What you return should be the entries, unchanged, without their pictures.

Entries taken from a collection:
────────────────────

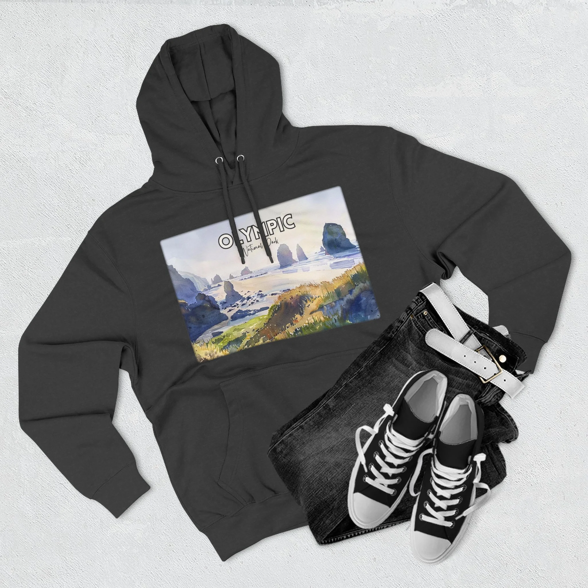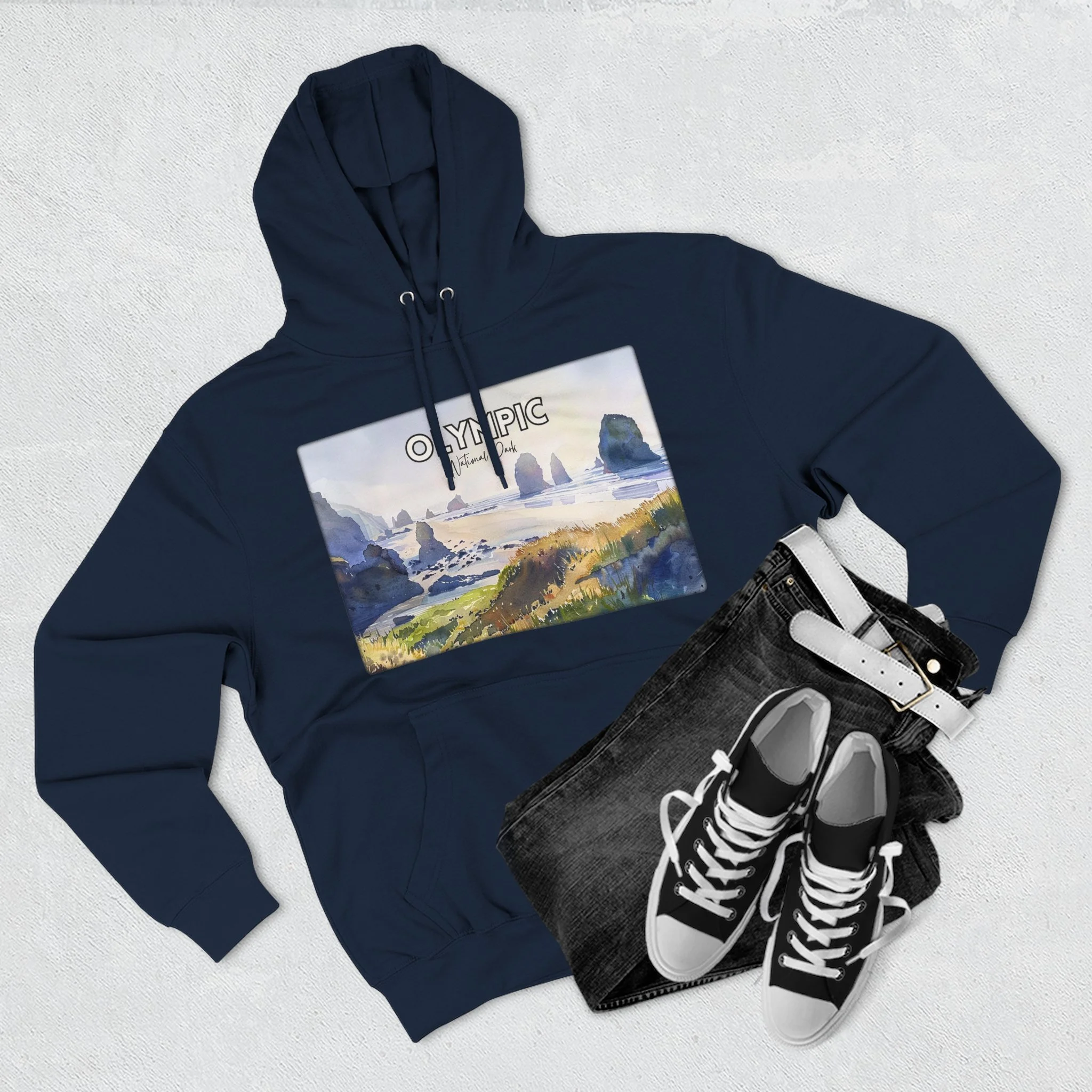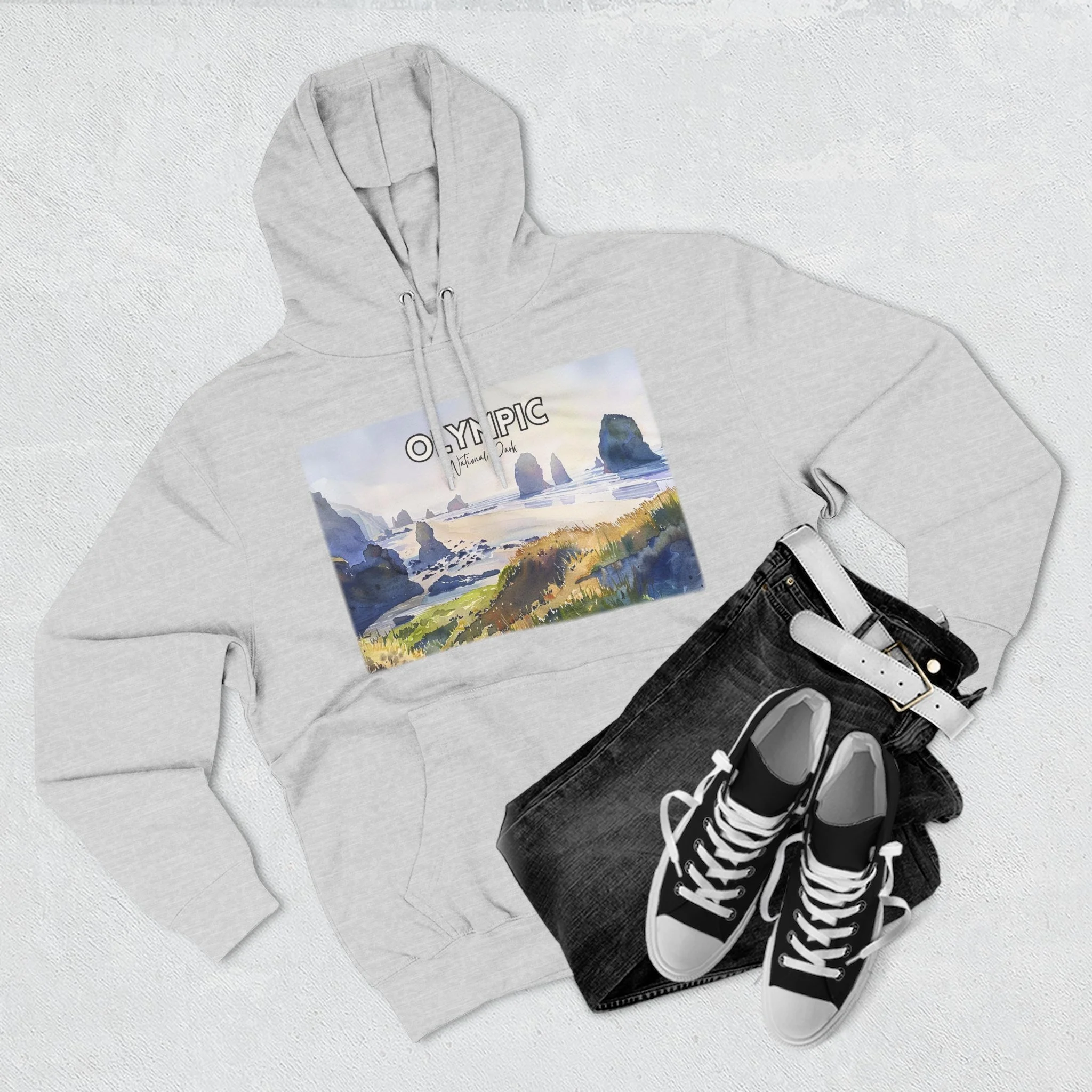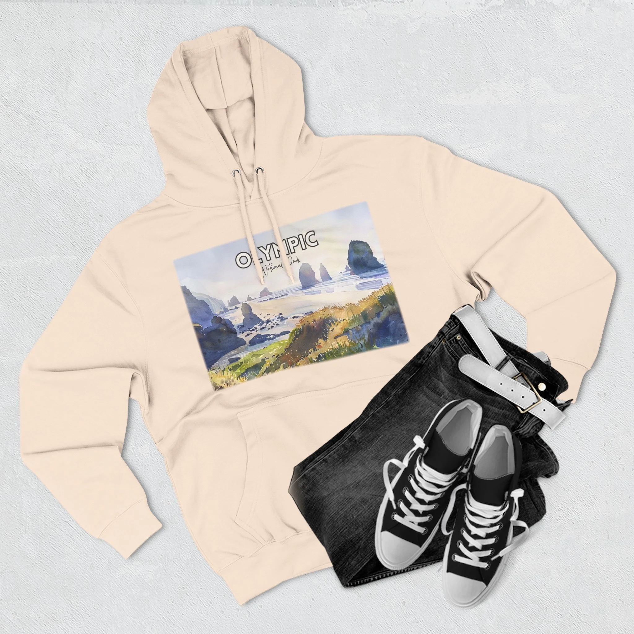 Shi Shi Beach Hoodie – Olympic National Park Watercolor Pullover with Coastal Cliff and Ocean Artwork
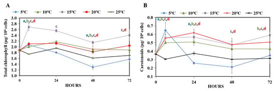 Even though algal responses to many abiotic stresses have been reported, cold stress has not been extensively explored in terms of pigment production. From the culture subjected to different cold temperatures, the levels of the main pigments, chlorophyll and carotenoids, were monitored. A sharp decrease in the levels of both pigments was observed in cells grown under 5 °C in the first 48 h, with a slight recovery at 72 h (Figure 3A,B). At 25 °C, the levels of both pigments were stabilized. Interestingly, the level of chlorophyll slightly increased at 10 °C and 20 °C but exhibited a steep increase starting at the first 6 h when cells were subjected to 15 °C treatment (Figure 3A). In the case of carotenoids, a chilling temperature between 10 and 20 °C led to a significant increase in this pigment compared to the control. The productivity of both chlorophyll and carotenoid were best at 15 °C followed by 20 °C (Table 1).
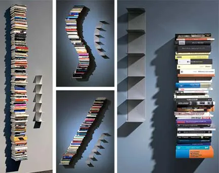 Este sistema de estantes para libros, creación del estudio español díez+díezdiseño, cumple su función contenedora de una forma práctica y original,ocultando el sistema de sostén para darnos la sensación que los ejemplaresestán suspendidos en el
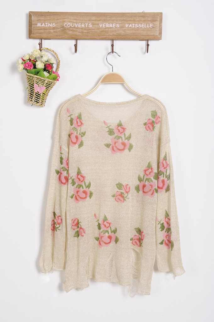 D101-11-066嗆口小辣椒wildfox玫瑰花薔薇破洞毛衣針織衫
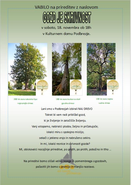 Vabljeni na prireditev GOZD JE SKRIVNOST, v soboto, 18. novembra ob 20. uri, v Kulturni dom Podbrezje.
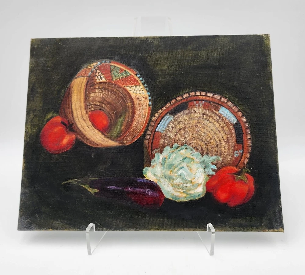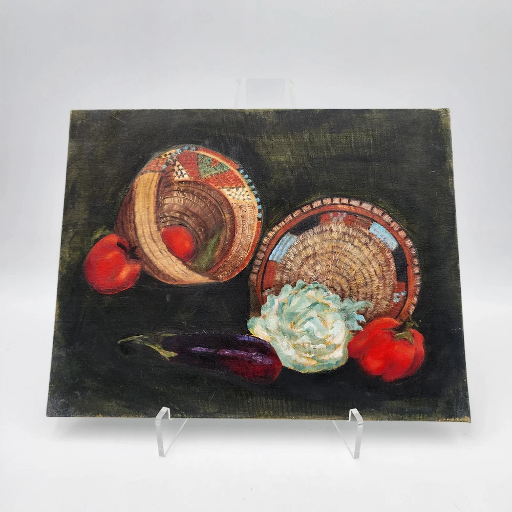 This still life painting of Native American Indian baskets is on a 14"x11" canvas hard board. The unsigned picture is an original work of art depicting two hand crafted Indian baskets and vegetables (eggplant, tomato, red pepper, and cabbage). Interestingly, these plants would not have historically been known to the southwest tribes. Regardless, this is still a good example of American folk art.
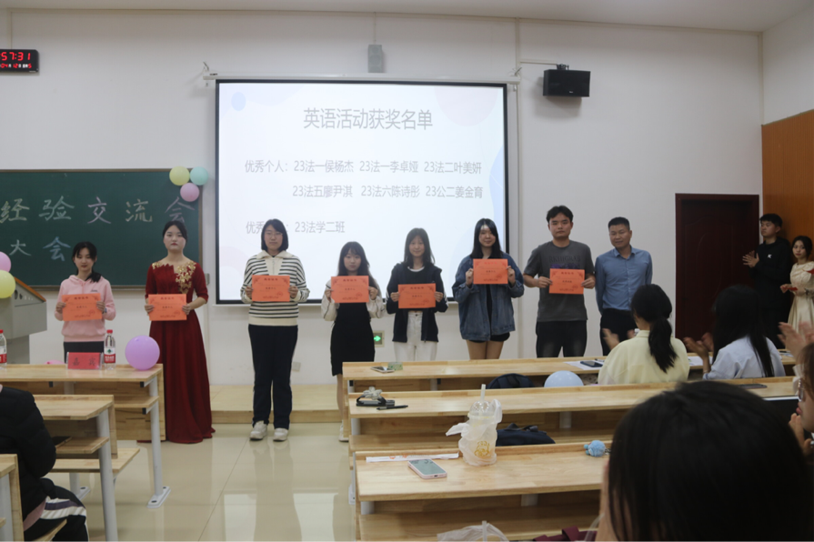 学风建设月英语活动中的优秀个人和优秀集体进行了表彰,并由郭志军主任为他们颁奖,他们分别是23法一侯杨杰同学、23法一李卓娅同学、23法二叶美妍同学、23法五廖尹淇同学、23法六陈诗彤同学、23公二姜金育同学,23法学二班。
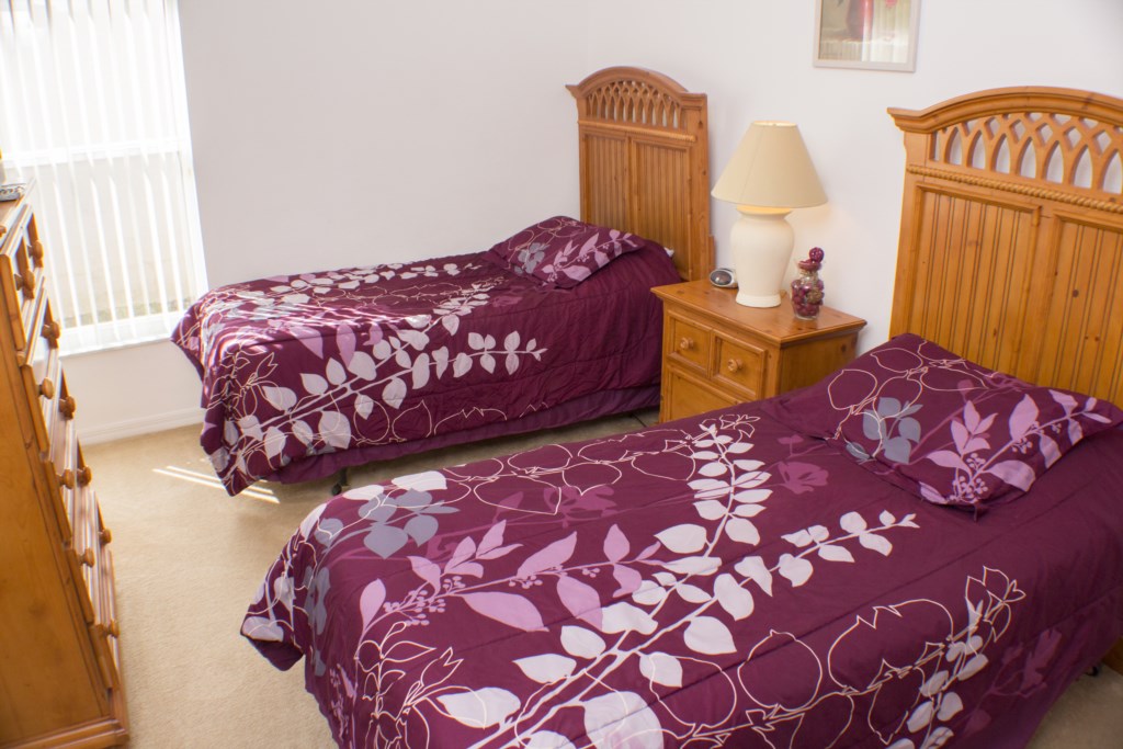 The master bedroom boasts a large Victoria style king-size bed with white woodwork. The room also has matching furniture and a lot of wardrobe space, which includes a grand looking white dresser with an impressively carved mirror. The large en-suite bathroom will leave you in awe. It’s been newly refurbished and boasts a twin vanity, a large corner mirror with star-like lights, a corner tub with a view, and a separate walk-in bathroom. The second master bedroom with a queen size bed is beautifully furnished with a wooden headboard and matching furniture. The arch windows allow a lot of natural light to enter the room. It also has its own TV and small en-suite bathroom with a single vanity and large mirror. The other 2 twin bedrooms share a communal bathroom. Both rooms are furnished with wooden furniture and have enough space to sleep, relax, and play, making this the ideal spot for younger guests to stay.
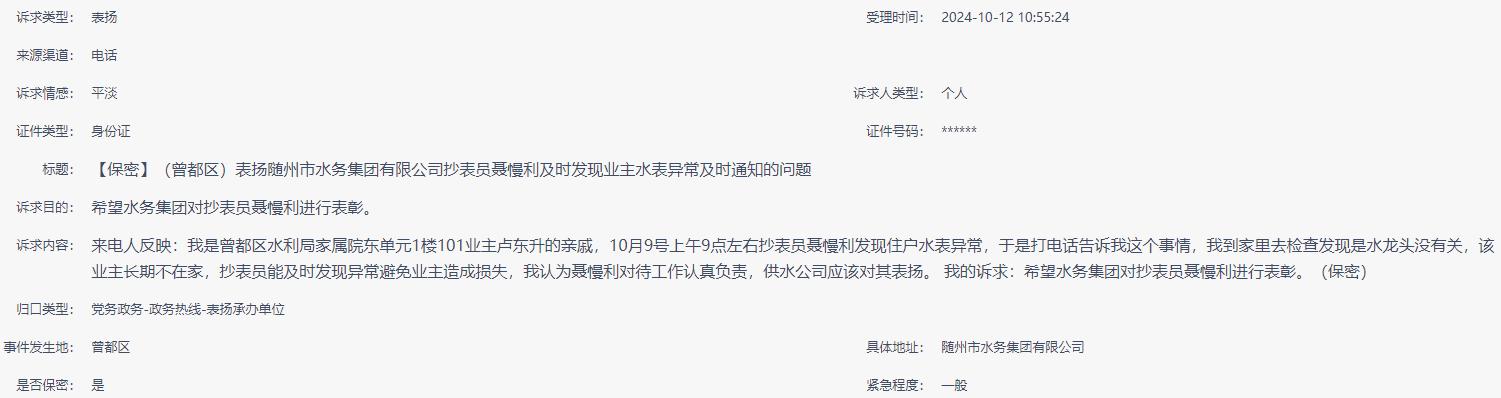 來電人反映:我是曾都區(qū)水利局家屬院東單元1樓101業(yè)主盧東升的親戚,10月9號(hào)上午9點(diǎn)左右抄表員聶慢利發(fā)現(xiàn)住戶水表異常,于是打電話告訴我這個(gè)事情,我到家里去檢查發(fā)現(xiàn)是水龍頭沒有關(guān),該業(yè)主長(zhǎng)期不在家,抄表員能及時(shí)發(fā)現(xiàn)異常避免業(yè)主造成損失,我認(rèn)為聶慢利對(duì)待工作認(rèn)真負(fù)責(zé),供水公司應(yīng)該對(duì)其表?yè)P(yáng)。 我的訴求:希望水務(wù)集團(tuán)對(duì)抄表員聶慢利進(jìn)行表彰。(保密) |
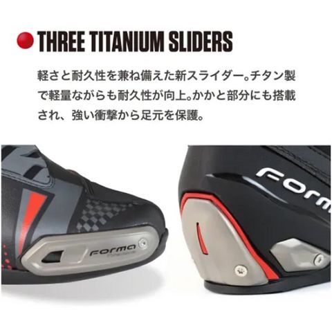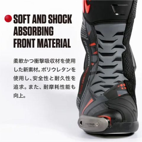 ブーツ工場として約40年間培ってきた高い技術をもつFormaより新型レーシングブーツ"PHANTOM"が登場。独自開発したV.F.Sにより、安全性・機能性共に向上。また、新しくなったスライダー、ソールにより今まで以上にレースシーンに特化したハイエンドレーシングブーツ。
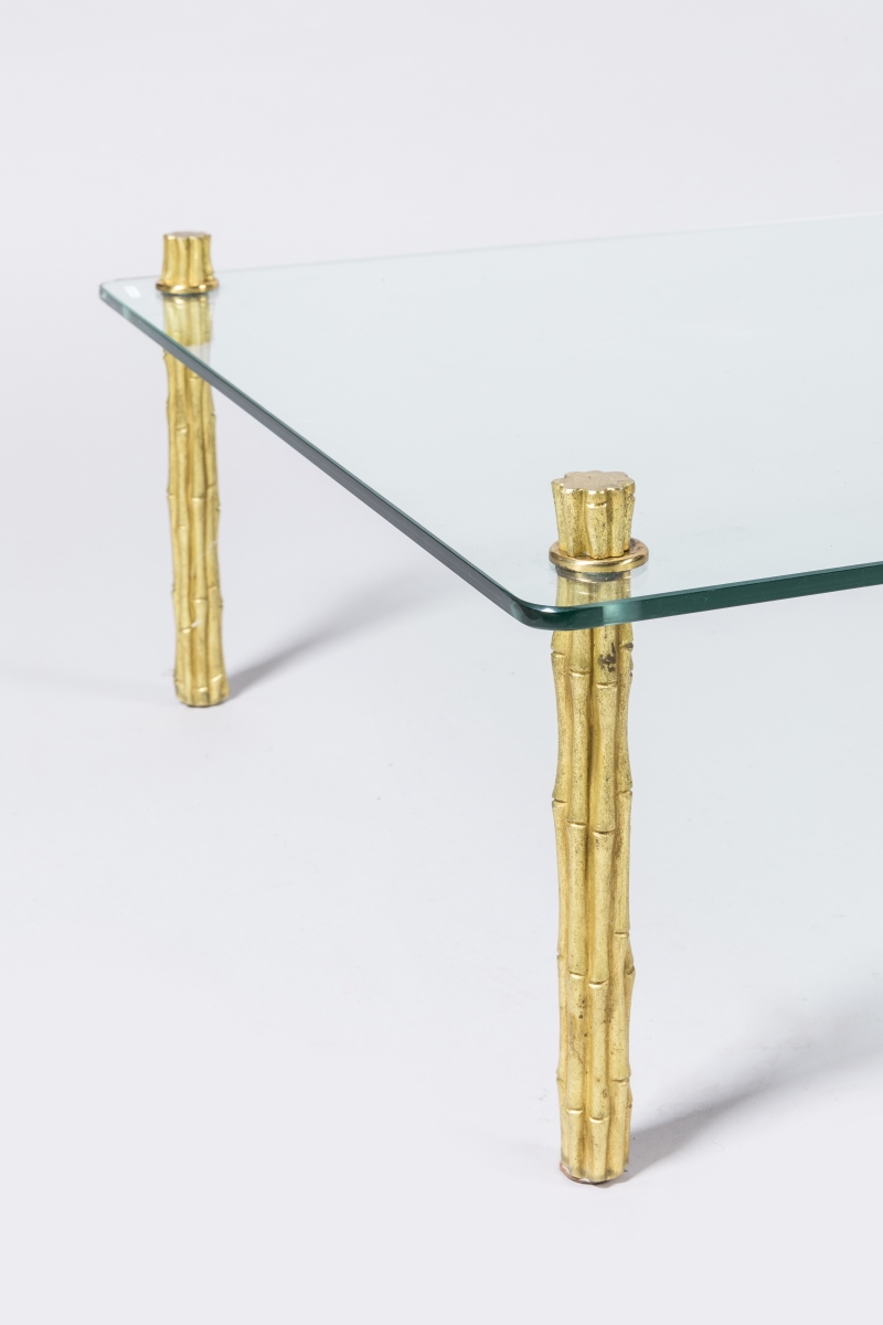 le plateau en verre reposant sur quatre pieds façon fagots de bambous en métal doré.

────────────────────

**FINISHED EXERCISE:**
 Shi Shi Beach Hoodie – Olympic National Park Watercolor Pullover with Coastal Cliff and Ocean Artwork
 Even though algal responses to many abiotic stresses have been reported, cold stress has not been extensively explored in terms of pigment production. From the culture subjected to different cold temperatures, the levels of the main pigments, chlorophyll and carotenoids, were monitored. A sharp decrease in the levels of both pigments was observed in cells grown under 5 °C in the first 48 h, with a slight recovery at 72 h (Figure 3A,B). At 25 °C, the levels of both pigments were stabilized. Interestingly, the level of chlorophyll slightly increased at 10 °C and 20 °C but exhibited a steep increase starting at the first 6 h when cells were subjected to 15 °C treatment (Figure 3A). In the case of carotenoids, a chilling temperature between 10 and 20 °C led to a significant increase in this pigment compared to the control. The productivity of both chlorophyll and carotenoid were best at 15 °C followed by 20 °C (Table 1).
 Este sistema de estantes para libros, creación del estudio español díez+díezdiseño, cumple su función contenedora de una forma práctica y original,ocultando el sistema de sostén para darnos la sensación que los ejemplaresestán suspendidos en el
 D101-11-066嗆口小辣椒wildfox玫瑰花薔薇破洞毛衣針織衫
 Vabljeni na prireditev GOZD JE SKRIVNOST, v soboto, 18. novembra ob 20. uri, v Kulturni dom Podbrezje.
 This still life painting of Native American Indian baskets is on a 14"x11" canvas hard board. The unsigned picture is an original work of art depicting two hand crafted Indian baskets and vegetables (eggplant, tomato, red pepper, and cabbage). Interestingly, these plants would not have historically been known to the southwest tribes. Regardless, this is still a good example of American folk art.
 学风建设月英语活动中的优秀个人和优秀集体进行了表彰,并由郭志军主任为他们颁奖,他们分别是23法一侯杨杰同学、23法一李卓娅同学、23法二叶美妍同学、23法五廖尹淇同学、23法六陈诗彤同学、23公二姜金育同学,23法学二班。
 The master bedroom boasts a large Victoria style king-size bed with white woodwork. The room also has matching furniture and a lot of wardrobe space, which includes a grand looking white dresser with an impressively carved mirror. The large en-suite bathroom will leave you in awe. It’s been newly refurbished and boasts a twin vanity, a large corner mirror with star-like lights, a corner tub with a view, and a separate walk-in bathroom. The second master bedroom with a queen size bed is beautifully furnished with a wooden headboard and matching furniture. The arch windows allow a lot of natural light to enter the room. It also has its own TV and small en-suite bathroom with a single vanity and large mirror. The other 2 twin bedrooms share a communal bathroom. Both rooms are furnished with wooden furniture and have enough space to sleep, relax, and play, making this the ideal spot for younger guests to stay.
 來電人反映:我是曾都區(qū)水利局家屬院東單元1樓101業(yè)主盧東升的親戚,10月9號(hào)上午9點(diǎn)左右抄表員聶慢利發(fā)現(xiàn)住戶水表異常,于是打電話告訴我這個(gè)事情,我到家里去檢查發(fā)現(xiàn)是水龍頭沒有關(guān),該業(yè)主長(zhǎng)期不在家,抄表員能及時(shí)發(fā)現(xiàn)異常避免業(yè)主造成損失,我認(rèn)為聶慢利對(duì)待工作認(rèn)真負(fù)責(zé),供水公司應(yīng)該對(duì)其表?yè)P(yáng)。 我的訴求:希望水務(wù)集團(tuán)對(duì)抄表員聶慢利進(jìn)行表彰。(保密) |
 ブーツ工場として約40年間培ってきた高い技術をもつFormaより新型レーシングブーツ"PHANTOM"が登場。独自開発したV.F.Sにより、安全性・機能性共に向上。また、新しくなったスライダー、ソールにより今まで以上にレースシーンに特化したハイエンドレーシングブーツ。
 le plateau en verre reposant sur quatre pieds façon fagots de bambous en métal doré.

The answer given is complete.